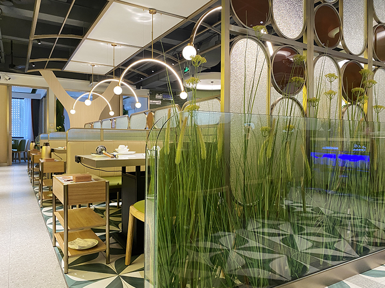 我們想到了磨砂玻璃這一材質(zhì),在餐廳立面的隔斷、包間的墻體,我們使用了磨砂玻璃及玻璃方磚,這種材料在燈光照耀下,有一種晶瑩剔透的感覺,用裝飾材料特性表現(xiàn)菜品清湯這一核心特征,打造出時尚清新,通透舒適的空間感受。
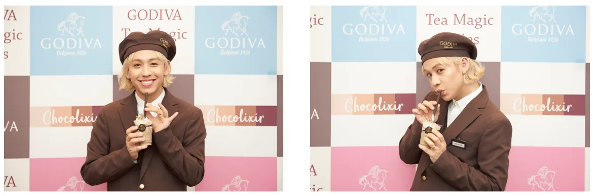 ゴディバ ショコリキサー<ティー マジック シリーズ>発売記念。 りゅうちぇる、ゴディバの制服姿で食レポに挑戦! 新商品にはりゅうちぇるも太鼓判!「誰もが一口飲んだらハマる!」 これからの“夢”や“パパ1歳”について語る限定インタビューも
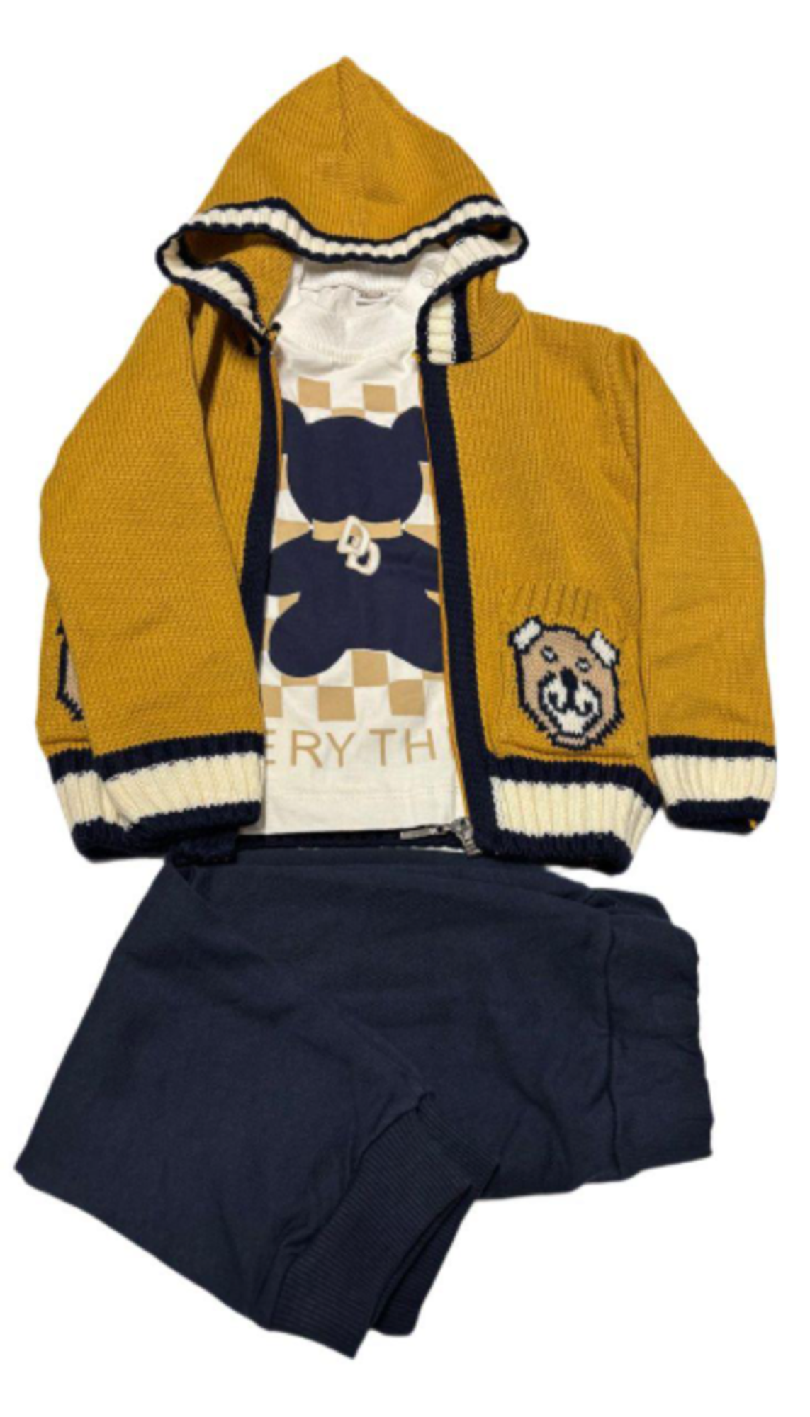 mostaza, blanco con dibujo y azul marino
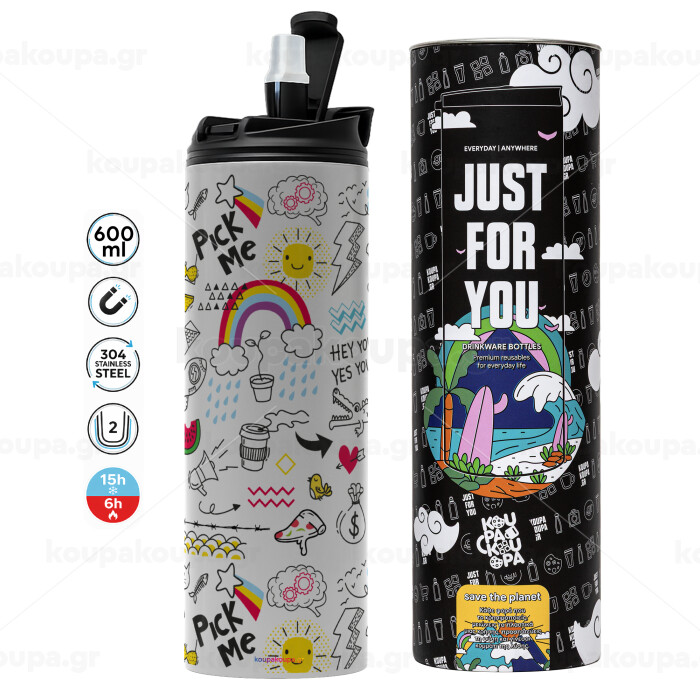 Doodle kids, Tumbler stainless steel GREY 600ml
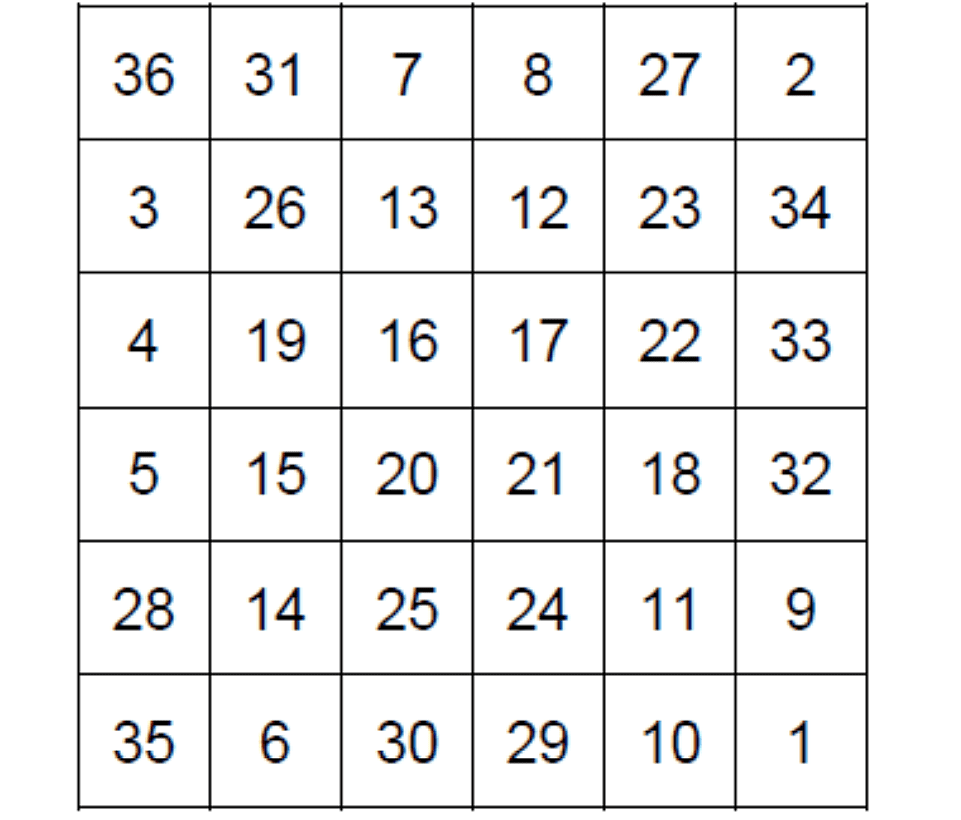 Die Zahl 666 entdeckt er auch in einem magischen Quadrat der Ordnung sechs als Summe der natürlichen Zahlen von 1 bis 36.
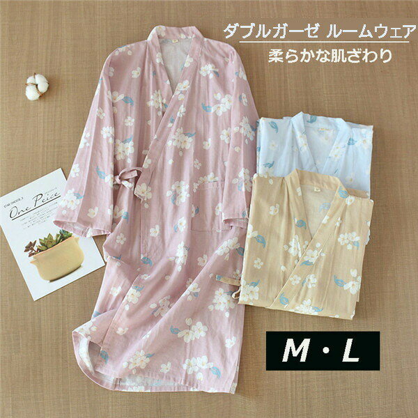 ルームウェア パジャマ 寝巻き ガーゼ 浴衣 ガウン お風呂上がり バスローブ レディース 花柄柄 長袖 綿 2重ガーゼ 前開き 夏素材 旅館 温泉 介護 通気性 涼しい 部屋着 お家時間 柔らかい 着心地いい プレゼント ピンク ブルー ベージュ dh094c0c0jc
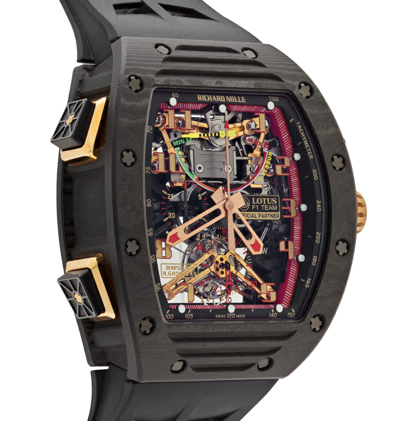 The Richard Mille RM 50-01 Romain Grosjean was created in partnership with the Lotus F1 team. An impressive watch – the robust 50mm Carbon-NTPT case and classic skeleton dial feature G-Sensor Tourbillon technology. This timepiece is designed for supreme accuracy and resilience – on and off the race track.
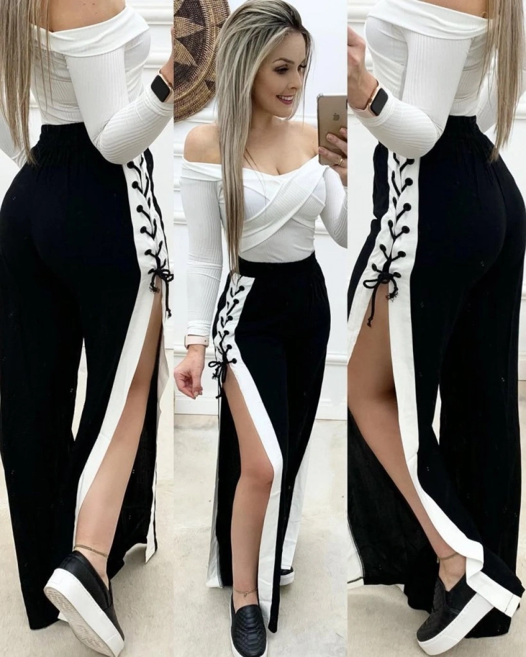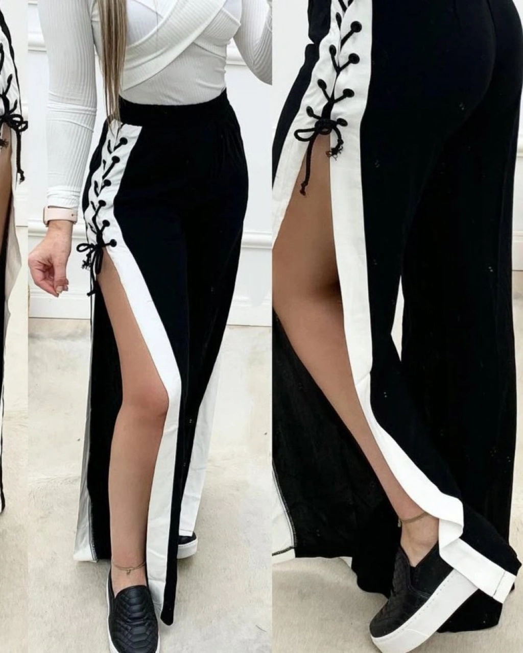 Kadın Yüksek Bel Yandan çapraz Bağcıklı Yırtmaçlı Viskon Iki Iplik Pantolon
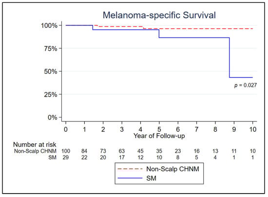 - Ozao-Choy, J.; Nelson, D.W.; Hiles, J.; Stern, S.; Yoon, J.L.; Sim, M.S.; Faries, M.B. The prognostic importance of scalp location in primary head and neck melanoma. J. Surg. Oncol. 2017, 116, 337–343. [Google Scholar] [CrossRef]
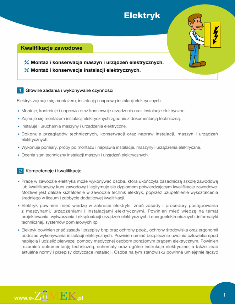 Elektryk Kwalifikacje zawodowe Montaż i konserwacja maszyn i urządzeń elektrycznych. Montaż i konserwacja instalacji elektrycznych. 1 Główne zadania i wykonywane czynności Elektryk zajmuje się montażem, instalacją i naprawą instalacji elektrycznych. Montuje, kontroluje i naprawia oraz konserwuje urządzenia oraz instalacje elektryczne. Zajmuje się montażem instalacji elektrycznych zgodnie z dokumentacją techniczną. Instaluje i uruchamia maszyny i urządzenia elektryczne. Dokonuje przeglądów technicznych, konserwacji oraz napraw instalacji, maszyn i urządzeń elektrycznych. Wykonuje pomiary, próby po montażu i naprawia instalacje, maszyny i urządzenia elektryczne. Ocenia stan techniczny instalacji maszyn i urządzeń elektrycznych. 2 Kompetencje i kwalifikacje Pracę w zawodzie elektryka może wykonywać osoba, która ukończyła zasadniczą szkołę zawodową lub kwalifikacyjny kurs zawodowy i legitymuje się dyplomem potwierdzającym kwalifikacje zawodowe. Możliwe jest dalsze kształcenie w zawodzie technik elektryk, poprzez uzupełnienie wykształcenia średniego w liceum i zdobycie dodatkowej kwalifikacji. Elektryk powinien mieć wiedzę w zakresie elektryki, znać zasady i procedury postępowania z maszynami, urządzeniami i instalacjami elektrycznymi. Powinien mieć wiedzę na temat projektowania, wytwarzania i eksploatacji urządzeń elektrycznych i energoelektronicznych, informatyki technicznej, systemów pomiarowych itp. Elektryk powinien znać zasady i przepisy bhp oraz ochrony ppoż., ochrony środowiska oraz ergonomii podczas wykonywania instalacji elektrycznych. Powinien umieć bezpiecznie uwolnić człowieka spod napięcia i udzielić pierwszej pomocy medycznej osobom porażonym prądem elektrycznym. Powinien rozumieć dokumentację techniczną, schematy oraz ogólne instrukcje elektryczne, a także znać aktualne normy i przepisy dotyczące instalacji. Osoba na tym stanowisku powinna umiejętnie łączyć 1 fakty w całość w celu podjęcia konkretnych czynności, a także umieć wykonać czytelną dokumentację po realizacji zadań. Wykonywanie zawodu elektryka wymaga zdolności manualnych, umiejętności precyzyjnego posługiwania się narzędziami i sprzętem. Elektryka powinna cechować dokładność, precyzyjność oraz dbałość o porządek. W tym zawodzie jest wskazana dociekliwość i opanowanie w trudnych sytuacjach. Elektryk powinien umieć pracować pod presją czasu oraz być odporny na długotrwały wysiłek fizyczny i umysłowy. Osobę pracującą na tym stanowisku powinien cechować dobry stan zdrowia i sprawność fizyczna, a także precyzyjność, spostrzegawczość i zręczność. Przeciwwskazaniami do wykonywania tego zawodu są: zakaz pracy na wysokości, daltonizm, wady wzroku niepoddające się korekcji, zaburzenia koordynacji wzrokowo-ruchowej oraz równowagi. 3 Środowisko i charakter pracy Elektryk ma możliwość pracy w dużych przedsiębiorstwach (firmach), a także małych warsztatach, zakładach. Może pracować indywidualnie lub w zespole. Praca w dużych przedsiębiorstwach może być monotonna i ograniczona do wąskiego zakresu wykonywanych czynności. Praca w warsztacie daje możliwość wykonywania szerszego zakresu czynności i zadań, jest różnorodna i wymaga dużej samodzielności. Elektryk często pracuje w wymuszonej pozycji ciała, na wysokości i pod presją czasu. Jest zagrożony ryzykiem porażenia prądem. Może wykonywać pracę w różnych warunkach atmosferycznych, a także w dużych lub małych, otwartych lub zamkniętych pomieszczeniach (halach). Może pracować w systemie zmianowym. 2
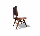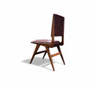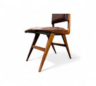Designed by Forma Brazil, this set of six dining chairs showcases elegant refinished rosewood frames with the original faux leatherette upholstery in a richly textured finish. The clean lines, tapered legs, and striking dark veins of Brazilian rosewood exemplify the refinement and craftsmanship of Brazilian mid-century modern design. Created by Eisler and Hauner, these chairs balance style and functionality, offering comfort and timeless sophistication while complementing any dining table or interior setting. This set of six has 5 in the maroon leatherette and one chair that is in a cream leatherette, please inquire about our reupholstery services.
====
-- Task --
Your answer must be the lines above from the one holding "ルームウェア パジャマ 寝巻き" up to and including the one holding "- Ozao-Choy, J.;", exact and with no pictures.

-- Response for this exercise --
 ルームウェア パジャマ 寝巻き ガーゼ 浴衣 ガウン お風呂上がり バスローブ レディース 花柄柄 長袖 綿 2重ガーゼ 前開き 夏素材 旅館 温泉 介護 通気性 涼しい 部屋着 お家時間 柔らかい 着心地いい プレゼント ピンク ブルー ベージュ dh094c0c0jc
 The Richard Mille RM 50-01 Romain Grosjean was created in partnership with the Lotus F1 team. An impressive watch – the robust 50mm Carbon-NTPT case and classic skeleton dial feature G-Sensor Tourbillon technology. This timepiece is designed for supreme accuracy and resilience – on and off the race track.
 Kadın Yüksek Bel Yandan çapraz Bağcıklı Yırtmaçlı Viskon Iki Iplik Pantolon
 - Ozao-Choy, J.; Nelson, D.W.; Hiles, J.; Stern, S.; Yoon, J.L.; Sim, M.S.; Faries, M.B. The prognostic importance of scalp location in primary head and neck melanoma. J. Surg. Oncol. 2017, 116, 337–343. [Google Scholar] [CrossRef]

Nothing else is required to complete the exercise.